We've all got our 'on-the-sideline' hobbies. The hobbies we enjoy but are not our wildly passionate interests or the ones we dedicate 70% of our time to. For me personally, sports probably fall into that category. I've always had a sport or some form of exercise on my hobby rota but I wouldn't consider myself a fitness fanatic. I was still pretty terrible at P.E. (and yes, I was occasionally picked that humiliating last) and during my tenure on the dance team I was into the end of year performances but kept my distance from the competitions. 

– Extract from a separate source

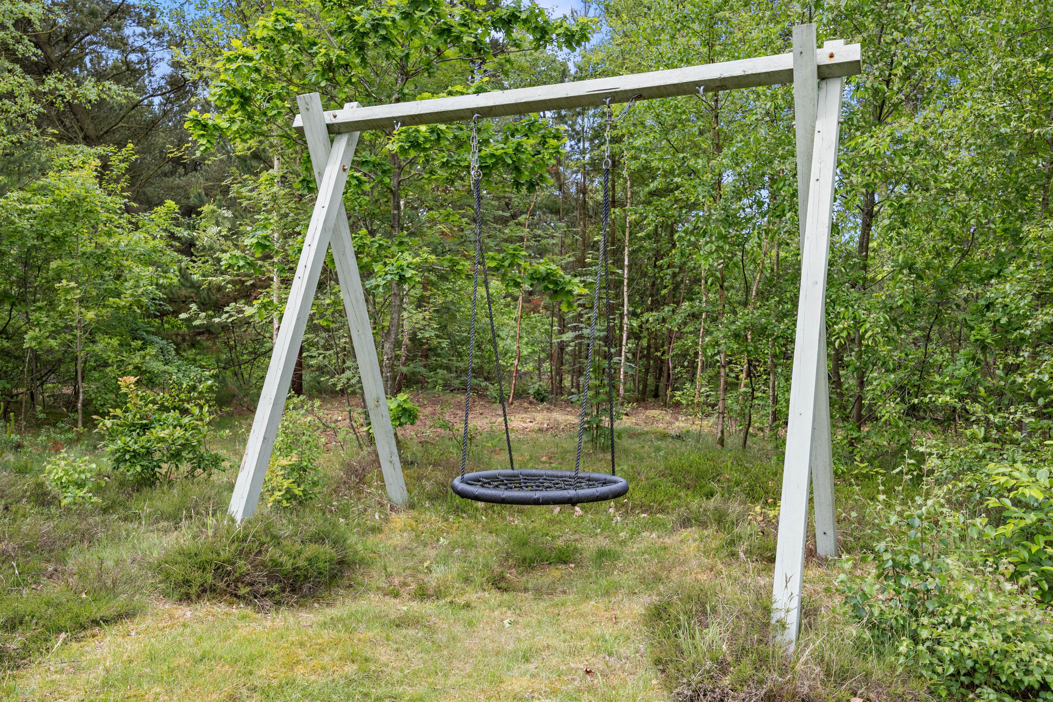 For børnene kan en lille tur rundt i haven være en stor oplevelse. Det charmerende træsommerhus ligger på en 1.100 m² stor grund. Grunden er omkranset af grantræer og buske, som giver jer ro og privatliv, når I er i huset eller sidder på den dejlige træterrasse.

You may have picked up on it but one of the sports that does stay on my rota is netball. I don't keep a close eye on the netball at all times of year and I honestly couldn't tell you which the best team in Scotland is. However, whenever there's a big international event I'm there with my Scotland flag, such as the last Commonwealth Games in 2014. But next week marks the start of the biggest event in netball Calender: the Netball World Cup 2015. 

So....I realise it doesn't quite have the same euphoria as the Football World Cup, Wimbledon or even the Ashes. But it's the world cup that is always marked out on my calender. Unfortunately it's in Australia (but 2019 will be in Liverpool, holllaaaaaa!) and I couldn't quite get the funds to fly that far around the world. But, still, I'm excited. 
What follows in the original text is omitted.